Sexo ou religião
por Bruno CarmeloJovem Aloucada parte de uma intenção ousada: retratar de maneira direta e sem preconceitos os desejos sexuais de uma adolescente evangélica, confrontando os princípios do prazer aos princípios da moral cristã. O filme é baseado na história real de Daniela (Alicia Rodriguez), jovem que criou o blog “Joven y Alocada” para contar em segredo as suas experiências sexuais. As histórias eram bastante cruas, impregnadas da franqueza adolescente e da coragem propiciada pelo anonimato.
O filme adota uma estética pop e teen, incluindo momentos em animação, cenas com publicações do blog desfilando pela tela e muita trilha sonora adolescente. Daniela não é uma jovem particularmente politizada em seus relatos eróticos, apenas uma garota rebelde, não muito inteligente (ela deixa o computador ligado várias vezes, com indícios de suas aventuras) e temente à mãe e à igreja. Embora tenha sido filmado em 2012, o projeto parece envelhecido pela estética dos blogs antigos. Neste sentido, é impressionante como as produções que reproduzem imagens de tecnologia se tornam datadas, como reflexos diretos da época em que foram feitas.
Se Daniela não tem muita consciência do peso social de seu discurso, pelo menos a diretora Marialy Rivas adota um olhar mais consciente, certo? Não muito. O filme se diverte com algumas ousadias agradáveis, como animações de Deus despertando ereções em pênis flácidos, ou cenas de sexo que beiram o explícito, mas isso não impede que as instituições tradicionais sejam poupadas pelo filme. A igreja evangélica da mãe (Aline Küppenheim), o trabalho em um canal de televisão religioso e a escola conservadora pregam discursos contrários à livre sexualidade, embora nada na história conteste esta lógica. Daniela é censurada por todos ao redor, o que é visto como algo natural, compreensível. As duas únicas outras personagens que levam uma vida sexual livre – a irmã e a tia de Daniela – são convenientemente punidas com o exílio e com uma doença terminal.

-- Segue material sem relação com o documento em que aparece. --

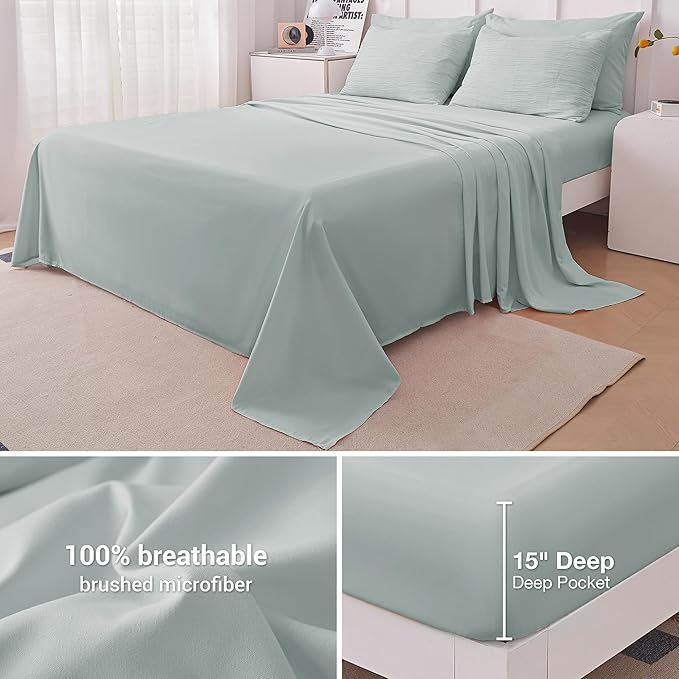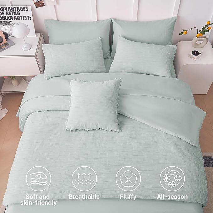 8 Piece Woven Texture King Size Comforter Set Green, Bed in A Bag Bedding King with Comforter and Sheets, Soft Lightweight Comforter Set with Deocor Throw Pillow, Sage Green
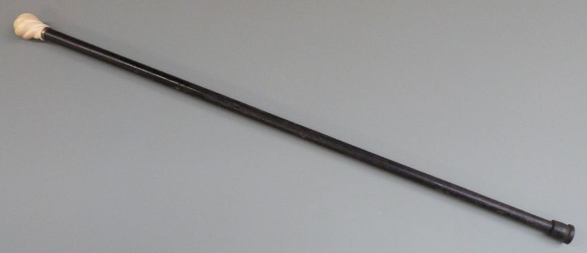 19th/20thC walking stick with wrythen ivory knop handle and white metal collar marked '800' length approximately 85cm
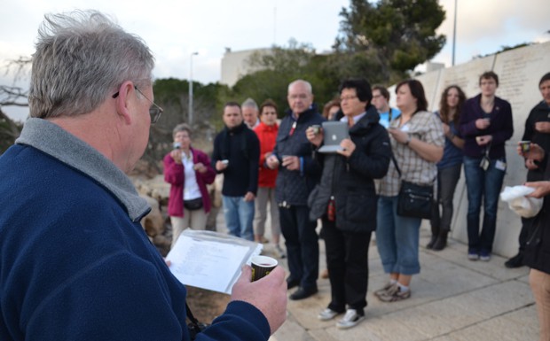 von 80: Auf einem Aussichtspunkt kostet die Gruppe symbolisch Brot und Wein. Ein Reiseteilnehmer liest aus der Bibel, Psalm 122: "... Nun stehen unsere Füße in deinen Toren, Jerusalem ..."
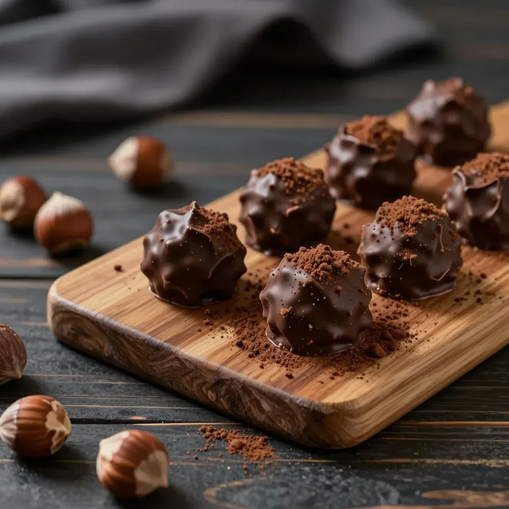 Glossy chocolate truffles dusted with fine cocoa powder are arranged diagonally on a weathered wooden board, surrounded by whole hazelnuts. Soft directional lighting from the upper left creates gentle highlights and subtle shadows, with a shallow depth of field emphasizing the truffles against a blurred dark wooden background.
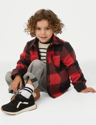 Boys M&S Collection Fleece Check Shacket (2-8 Yrs) - Red Mix, Red Mix
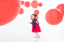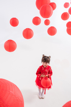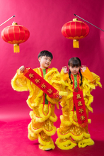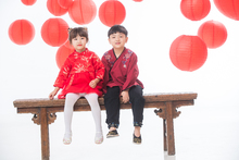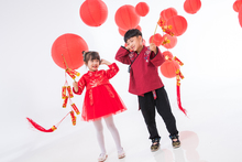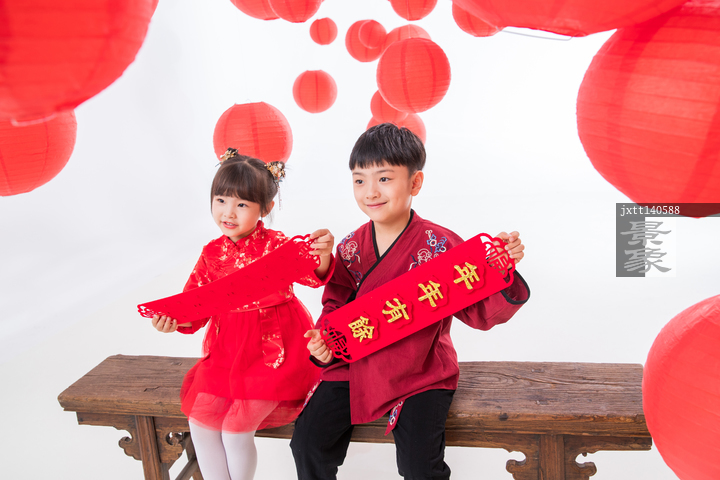 图片标题: 欢乐的男孩女孩拿着春联庆祝新春
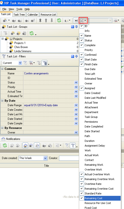 7. to display the value of custom field Remaining Cost on Task List or Task Tree please go to Task List or Task Tree, click Task List Columns or Task Tree Columns button and check the custom field "Remaining Cost"
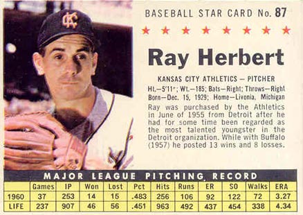 You have: 1961 Post Cereal Box Baseball Card #87b Ray Herbert (company)

Ou seja, por trás da aparência alegremente profana, do ritmo divertido e despojado do projeto, com suas câmeras na mão e sua iluminação negligentemente superexposta, existe um conformismo contrário à própria lógica do blog. A origem dos textos de “Joven y Alocada” era encontrar um espaço de liberdade total, onde Daniela experimentaria a homossexualidade, o sexo a três, o sexo anal e outras práticas. No filme, ela executa essas ações, mas em círculos sociais muito precisos e segregados. Por esta separação tão rígida entre vida sexual e vida familiar, os personagens coadjuvantes, sejam eles amigos (ou seja, ligados à esfera sexual) ou familiares (ou seja, ligados ao cristianismo) são todos bastante superficiais, limitados a representar a instituição em que se encontram. Talvez a ousadia maior da diretora seria sugerir possíveis encontros entre essas duas esferas, ao invés de se contentar com ilustrações de vaginas em chamas.

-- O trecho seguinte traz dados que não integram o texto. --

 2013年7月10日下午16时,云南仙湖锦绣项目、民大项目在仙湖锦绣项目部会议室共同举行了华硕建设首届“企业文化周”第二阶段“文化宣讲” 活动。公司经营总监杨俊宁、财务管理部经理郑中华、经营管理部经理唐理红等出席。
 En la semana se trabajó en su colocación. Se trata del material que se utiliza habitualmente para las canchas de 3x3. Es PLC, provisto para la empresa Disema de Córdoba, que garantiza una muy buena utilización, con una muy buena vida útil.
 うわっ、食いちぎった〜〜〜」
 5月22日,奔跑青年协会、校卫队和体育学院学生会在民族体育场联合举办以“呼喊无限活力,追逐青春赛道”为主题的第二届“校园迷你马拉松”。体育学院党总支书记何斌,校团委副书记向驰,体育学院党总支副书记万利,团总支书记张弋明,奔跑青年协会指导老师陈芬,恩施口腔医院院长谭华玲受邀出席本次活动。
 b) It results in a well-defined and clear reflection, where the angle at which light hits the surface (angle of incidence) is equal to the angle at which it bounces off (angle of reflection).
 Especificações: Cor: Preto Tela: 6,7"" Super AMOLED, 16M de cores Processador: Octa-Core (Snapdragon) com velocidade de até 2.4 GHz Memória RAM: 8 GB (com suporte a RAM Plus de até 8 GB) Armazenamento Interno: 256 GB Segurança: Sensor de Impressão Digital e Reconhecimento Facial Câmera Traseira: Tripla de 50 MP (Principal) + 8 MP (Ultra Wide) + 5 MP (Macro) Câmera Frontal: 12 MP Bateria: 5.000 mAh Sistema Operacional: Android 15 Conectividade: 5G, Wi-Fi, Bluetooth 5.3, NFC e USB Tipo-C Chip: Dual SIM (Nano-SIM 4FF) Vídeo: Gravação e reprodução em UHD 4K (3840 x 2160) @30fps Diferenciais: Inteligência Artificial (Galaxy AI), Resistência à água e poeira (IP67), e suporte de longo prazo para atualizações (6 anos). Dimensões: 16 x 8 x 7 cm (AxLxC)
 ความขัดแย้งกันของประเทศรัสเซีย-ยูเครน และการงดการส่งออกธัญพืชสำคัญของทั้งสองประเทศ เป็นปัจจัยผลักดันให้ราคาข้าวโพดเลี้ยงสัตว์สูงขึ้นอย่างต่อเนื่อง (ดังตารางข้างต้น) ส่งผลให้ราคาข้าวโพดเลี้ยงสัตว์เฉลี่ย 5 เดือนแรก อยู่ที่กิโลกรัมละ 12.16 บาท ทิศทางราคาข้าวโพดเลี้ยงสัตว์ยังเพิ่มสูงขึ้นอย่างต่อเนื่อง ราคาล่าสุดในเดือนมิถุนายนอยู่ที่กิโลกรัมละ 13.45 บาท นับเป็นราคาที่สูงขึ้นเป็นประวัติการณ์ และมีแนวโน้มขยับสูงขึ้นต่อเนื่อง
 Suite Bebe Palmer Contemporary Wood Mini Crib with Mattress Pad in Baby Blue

Por fim, é justamente o conservadorismo que entra a cena. É surpreendente quando uma reviravolta abrupta faz com que Daniela simplesmente aceite os dogmas da religião, incluindo a monogamia e outras restrições sexuais impostas pelas crenças evangélicas. O roteiro descreve este momento como uma espécie de iluminação divina, porque súbita, aleatória, e sintoma do amadurecimento da protagonista. Ou seja, profanem à vontade, caros jovens, mas quando ficarem mais velhos, vai ser preciso encaretar de novo. A conclusão de Jovem Aloucada, com belas frases vagas de cunho moral, estabelece uma triste constatação: embora o início mostre combinações lúdicas de Jesus ao lado de pênis e vaginas, a conclusão trata de afirmar que os dois são mesmo irreconciliáveis, e que o caminho divino talvez seja mais aconselhável do que os prazeres da carne.